**TASK BRIEF:** Word for word, restate the lines of the listing below from the line with "Casual gathering in" through the line with "- 비 오는 날 사용이", and do not include the pictures.

::: RECORDS :::

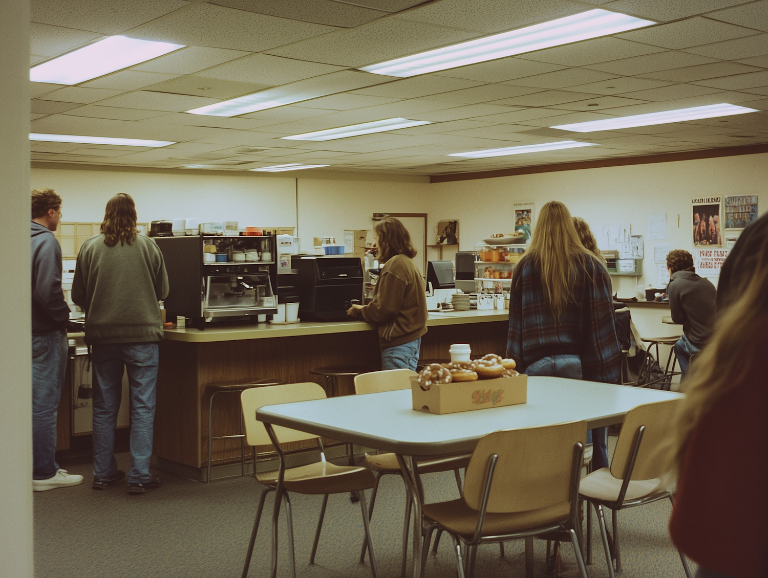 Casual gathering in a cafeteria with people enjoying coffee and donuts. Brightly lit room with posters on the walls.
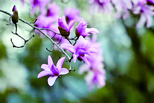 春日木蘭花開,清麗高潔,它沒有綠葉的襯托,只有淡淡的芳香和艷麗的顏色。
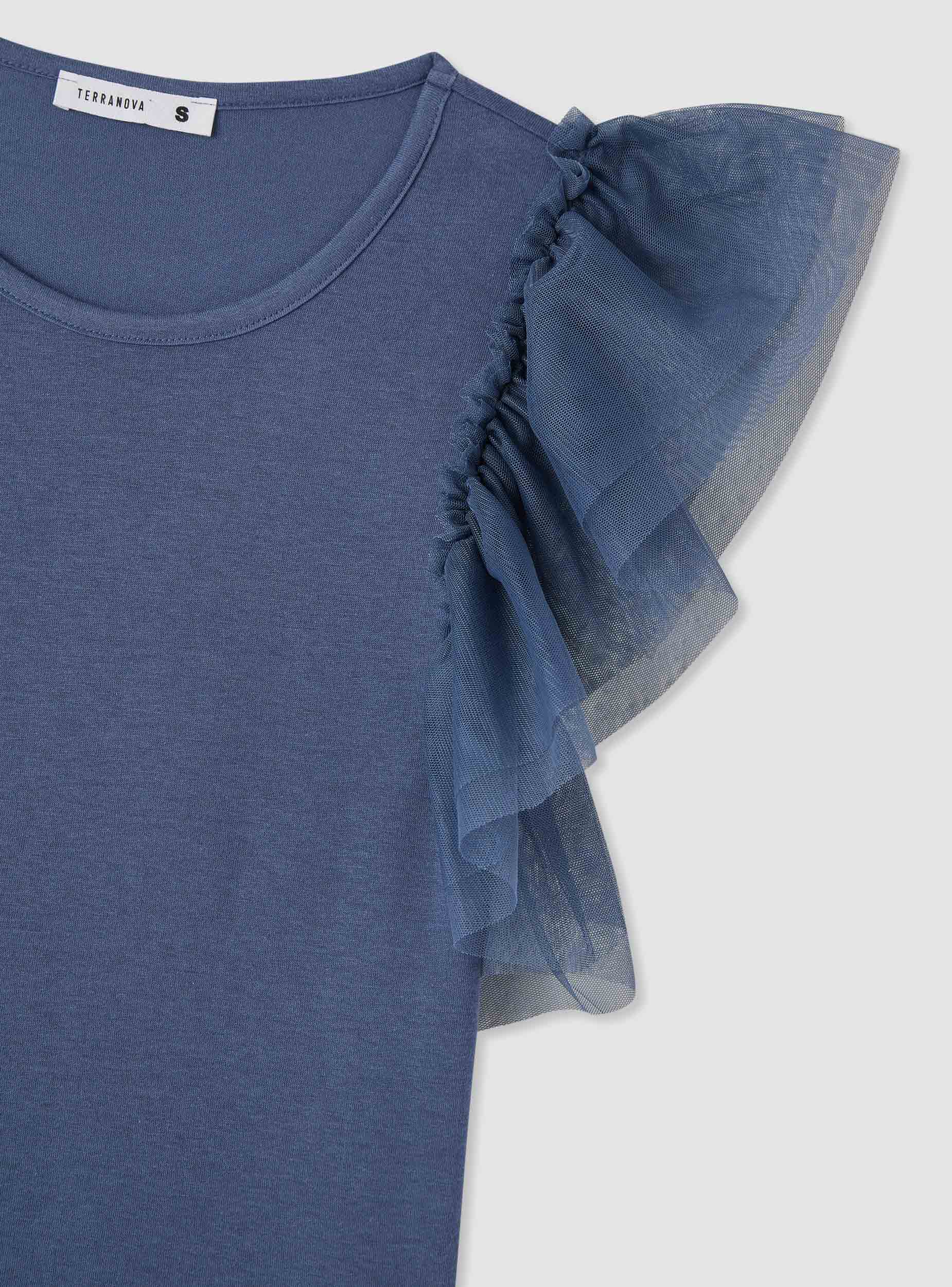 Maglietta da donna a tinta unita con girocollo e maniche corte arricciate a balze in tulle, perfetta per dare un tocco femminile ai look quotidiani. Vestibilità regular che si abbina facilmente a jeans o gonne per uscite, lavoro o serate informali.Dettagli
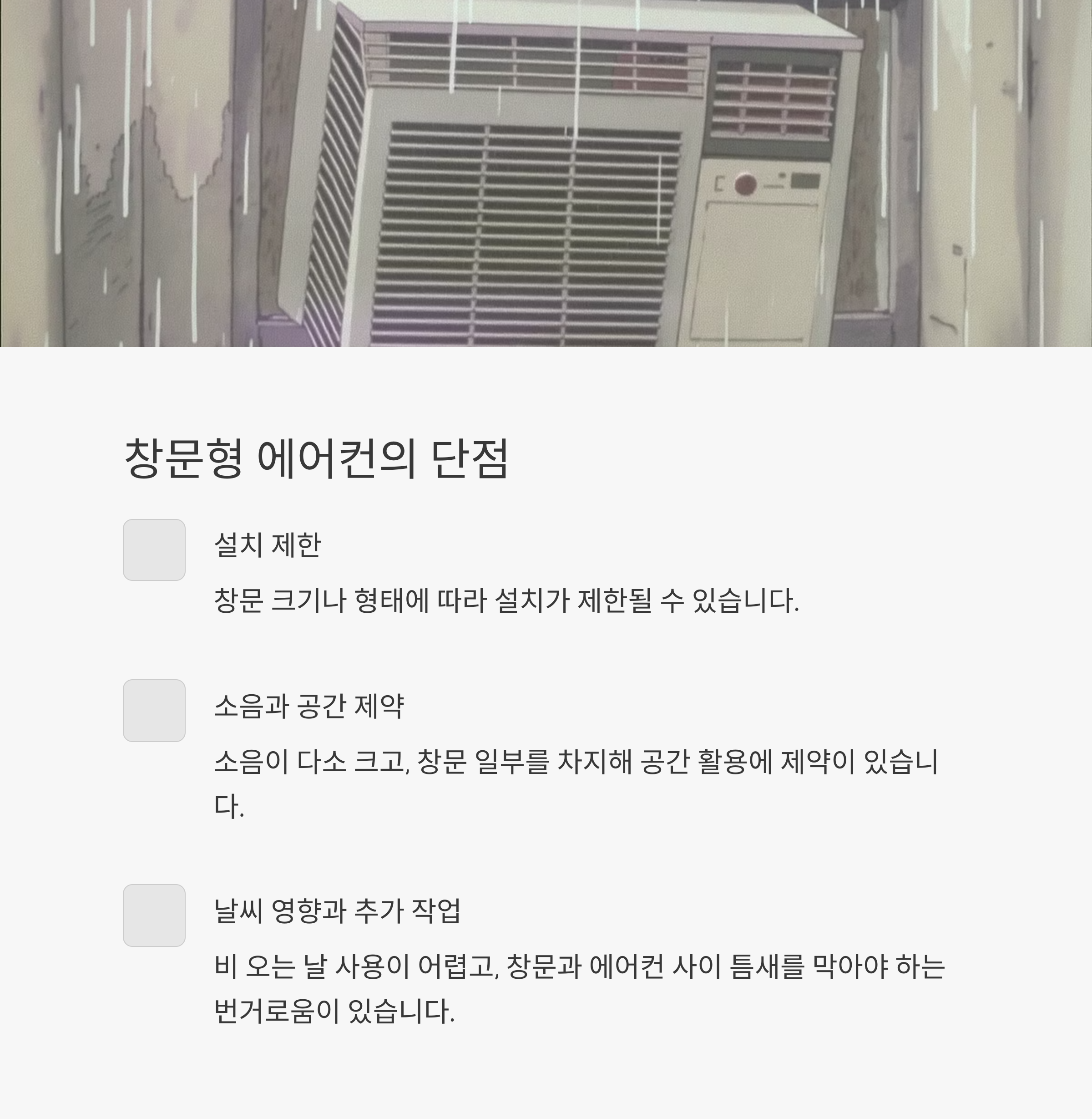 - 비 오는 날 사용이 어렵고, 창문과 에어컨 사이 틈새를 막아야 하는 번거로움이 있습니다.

:::
::: RECORDS :::

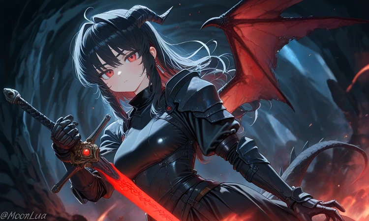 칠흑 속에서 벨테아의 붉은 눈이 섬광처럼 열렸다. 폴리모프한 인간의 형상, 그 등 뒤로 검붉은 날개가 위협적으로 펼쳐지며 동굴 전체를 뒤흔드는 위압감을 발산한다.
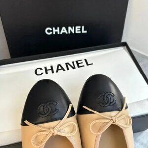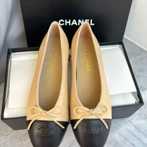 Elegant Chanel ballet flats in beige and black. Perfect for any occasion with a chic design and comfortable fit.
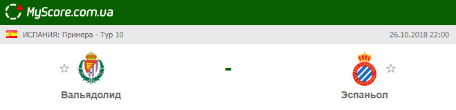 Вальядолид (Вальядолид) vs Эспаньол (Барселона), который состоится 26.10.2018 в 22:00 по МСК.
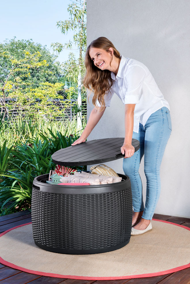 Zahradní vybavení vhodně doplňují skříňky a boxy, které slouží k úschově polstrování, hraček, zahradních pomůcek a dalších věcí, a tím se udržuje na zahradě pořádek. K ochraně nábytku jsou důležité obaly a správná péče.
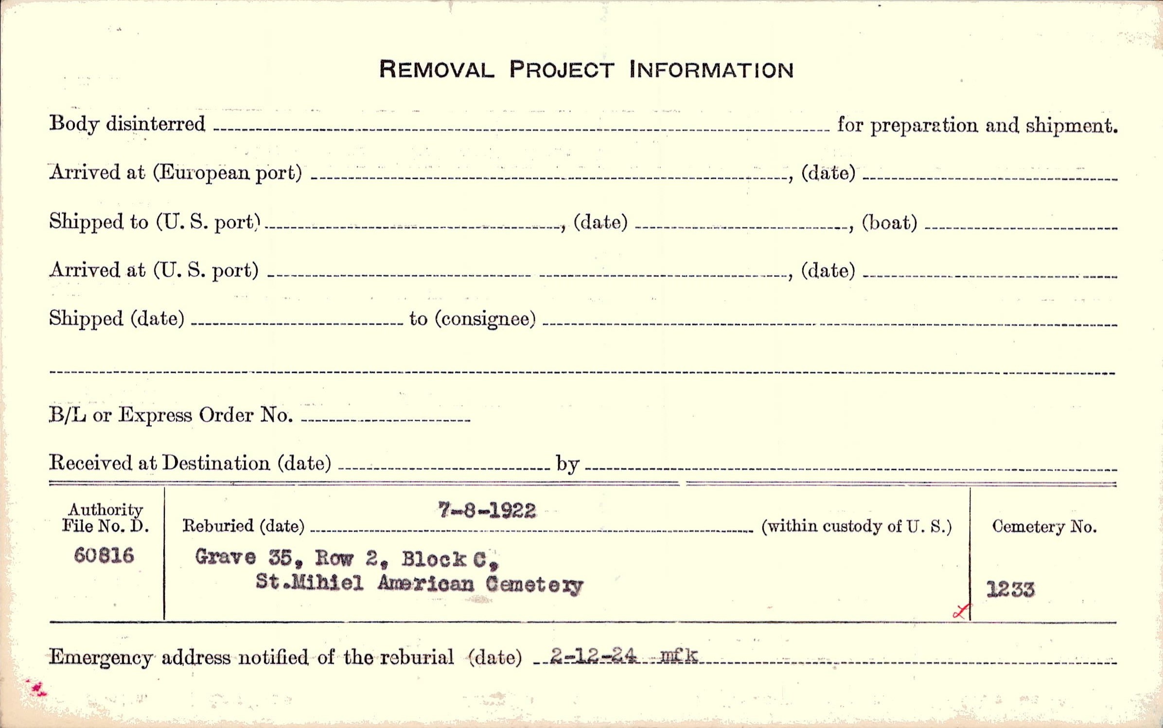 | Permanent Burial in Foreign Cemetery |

:::

**TASK OUTPUT:**
 Casual gathering in a cafeteria with people enjoying coffee and donuts. Brightly lit room with posters on the walls.
 春日木蘭花開,清麗高潔,它沒有綠葉的襯托,只有淡淡的芳香和艷麗的顏色。
 Maglietta da donna a tinta unita con girocollo e maniche corte arricciate a balze in tulle, perfetta per dare un tocco femminile ai look quotidiani. Vestibilità regular che si abbina facilmente a jeans o gonne per uscite, lavoro o serate informali.Dettagli
 - 비 오는 날 사용이 어렵고, 창문과 에어컨 사이 틈새를 막아야 하는 번거로움이 있습니다.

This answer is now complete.